■ **To do**: Please keep to the lines below from the one with "Retrato abstracto de" through the one with "This beautifully maintained", and restate them word for word, ends included.

■ **Available data**:
_____
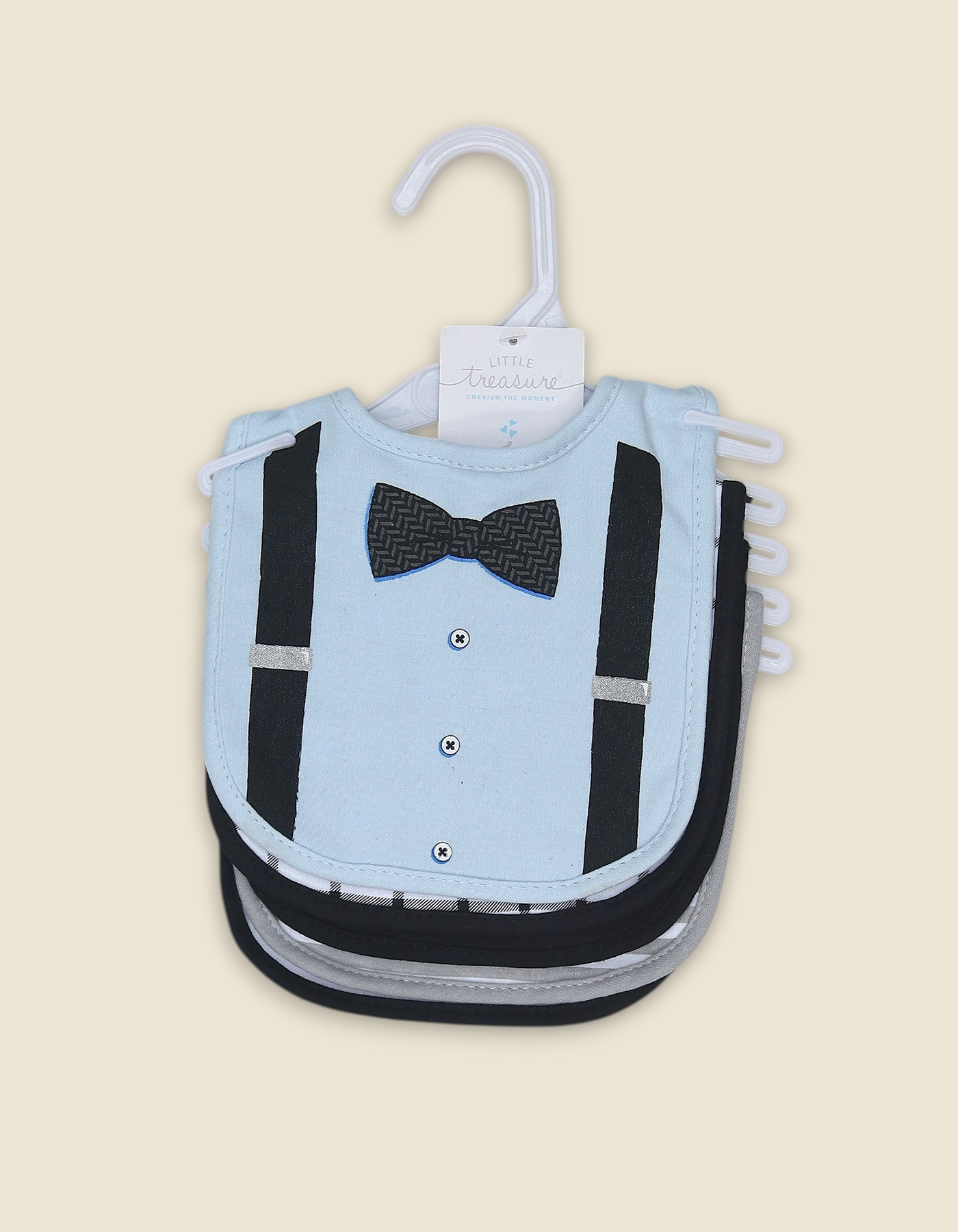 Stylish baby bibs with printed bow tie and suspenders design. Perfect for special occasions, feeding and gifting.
_____
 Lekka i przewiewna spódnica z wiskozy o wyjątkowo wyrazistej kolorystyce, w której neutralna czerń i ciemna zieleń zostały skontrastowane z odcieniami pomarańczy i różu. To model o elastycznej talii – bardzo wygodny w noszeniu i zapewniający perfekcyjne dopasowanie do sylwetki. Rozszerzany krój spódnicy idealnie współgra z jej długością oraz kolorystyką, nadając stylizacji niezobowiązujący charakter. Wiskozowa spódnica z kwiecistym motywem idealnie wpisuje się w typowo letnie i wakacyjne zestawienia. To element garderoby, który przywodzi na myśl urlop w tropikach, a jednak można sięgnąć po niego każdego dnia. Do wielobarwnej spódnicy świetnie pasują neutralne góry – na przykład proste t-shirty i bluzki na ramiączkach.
_____
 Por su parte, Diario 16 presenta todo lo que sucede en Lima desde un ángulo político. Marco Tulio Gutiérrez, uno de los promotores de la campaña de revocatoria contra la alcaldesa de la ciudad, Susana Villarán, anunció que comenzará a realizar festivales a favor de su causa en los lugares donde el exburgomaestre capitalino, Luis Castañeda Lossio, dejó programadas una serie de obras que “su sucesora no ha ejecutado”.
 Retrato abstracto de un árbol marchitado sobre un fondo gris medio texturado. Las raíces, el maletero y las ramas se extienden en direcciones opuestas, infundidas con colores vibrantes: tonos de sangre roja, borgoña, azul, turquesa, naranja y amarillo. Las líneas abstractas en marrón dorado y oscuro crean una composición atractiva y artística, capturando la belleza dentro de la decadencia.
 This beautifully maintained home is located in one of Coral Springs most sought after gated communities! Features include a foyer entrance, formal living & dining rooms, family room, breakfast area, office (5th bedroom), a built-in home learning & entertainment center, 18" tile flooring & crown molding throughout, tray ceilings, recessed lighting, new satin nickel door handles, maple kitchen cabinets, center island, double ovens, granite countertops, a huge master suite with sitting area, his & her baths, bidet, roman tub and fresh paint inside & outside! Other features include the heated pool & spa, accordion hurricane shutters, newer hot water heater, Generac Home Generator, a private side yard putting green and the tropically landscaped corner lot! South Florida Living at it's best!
_____
■ **Output below**:
 Retrato abstracto de un árbol marchitado sobre un fondo gris medio texturado. Las raíces, el maletero y las ramas se extienden en direcciones opuestas, infundidas con colores vibrantes: tonos de sangre roja, borgoña, azul, turquesa, naranja y amarillo. Las líneas abstractas en marrón dorado y oscuro crean una composición atractiva y artística, capturando la belleza dentro de la decadencia.
 This beautifully maintained home is located in one of Coral Springs most sought after gated communities! Features include a foyer entrance, formal living & dining rooms, family room, breakfast area, office (5th bedroom), a built-in home learning & entertainment center, 18" tile flooring & crown molding throughout, tray ceilings, recessed lighting, new satin nickel door handles, maple kitchen cabinets, center island, double ovens, granite countertops, a huge master suite with sitting area, his & her baths, bidet, roman tub and fresh paint inside & outside! Other features include the heated pool & spa, accordion hurricane shutters, newer hot water heater, Generac Home Generator, a private side yard putting green and the tropically landscaped corner lot! South Florida Living at it's best!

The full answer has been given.